IDDF2023-ABS-0107 Nanocoating mediated whole gut microbiota transplantation for enhanced biotherapy of inflammatory bowel disease

Background

Fecal microbiota transplantation (FMT) uses fecal microbiota to treat diseases but shows a limited therapeutic effect on small intestinal diseases due to the unique biogeography of small intestinal microbiota.

Methods

Small intestinal fluid and feces from Sprague-Dawley mice were homogenized and filtrated by a 70 μm pore nylon filter to obtain a microbiota solution. Chitosan and alginate were successively coated on the surface of microbe based on the electrostatic interaction.

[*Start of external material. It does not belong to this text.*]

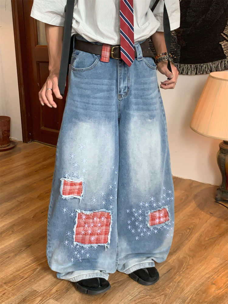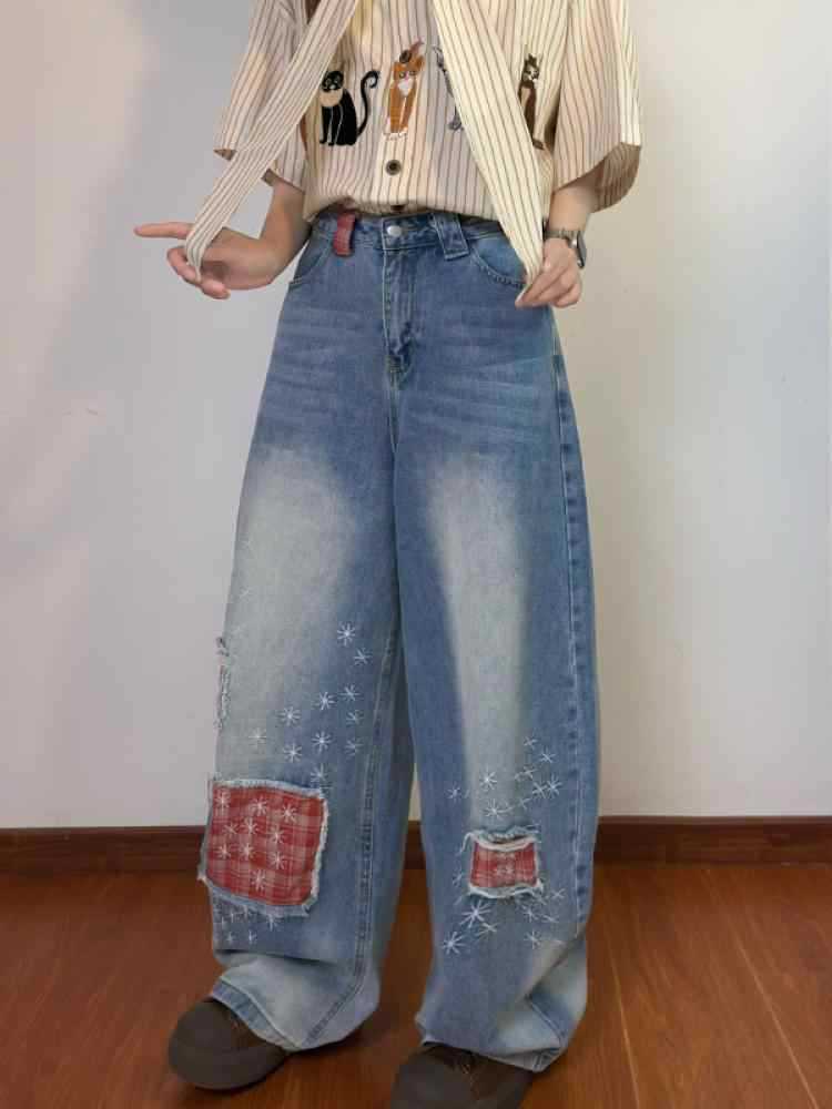 レトロ 2025 春の新スタイルリッピングチェック柄スプライシングジーンズルーズカジュアルフロアレングスワイドレッグパンツトレンディ

The nanocoating of microbe was characterized by transmission electron microscopy (TEM), atomic force microscopy (AFM), size distribution, zeta potential, etc. Resistance assessment of nanocoated microbiota was investigated in simulated gastric fluid in vitro. Fluorescently-labeled Escherichia coli was used for evaluating the impact of nanocoating on bacterial intestinal colonization. Germ-free mouse experiment was implemented for analyzing gut microbiota distribution after FMT, whole gut microbiota transplantation (WMT), FMT by nanocoating (NanoFMT) and WMT by nanocoating (NanoWMT). The efficacy of different groups was investigated by two mouse models, including the Salmonella typhimurium induced colitis model and 5-fluorouracil-induced mucositis. Stool, blood and intestinal tissue samples were collected from all mice. Gut microbiota, cytokine levels and histopathology were subsequently analyzed.

Results

The alternate transformation of zeta potential demonstrated the attachment of chitosan and alginate on the surface of microbe. The changed morphology of microbe was presented by size distribution, TEM and AFM after nanocoating. Nanocoating did not impact the growth performance of microbiota but significantly ameliorated gastrointestinal tolerance in vitro and in vivo models. Significantly, the bacterial count increased 67.8 folds on the small intestine after nanocoating, visually observed by in vivo imaging system based on the fluorescence label of bacteria. Gut biogeography of microbiota was more reasonable in the WMT group than FMT group for the germ-free model. NanoWMT showed the best performance on reversing intestinal contraction, villus disorders and inflammatory levels for the treatment of mouse mucositis, especially on gut microbiota balance.

Conclusions

WMT better adjusted the microbiota distribution of the whole gut, while the nanocoating technology further enhanced the therapeutic effect of WMT for small intestinal diseases.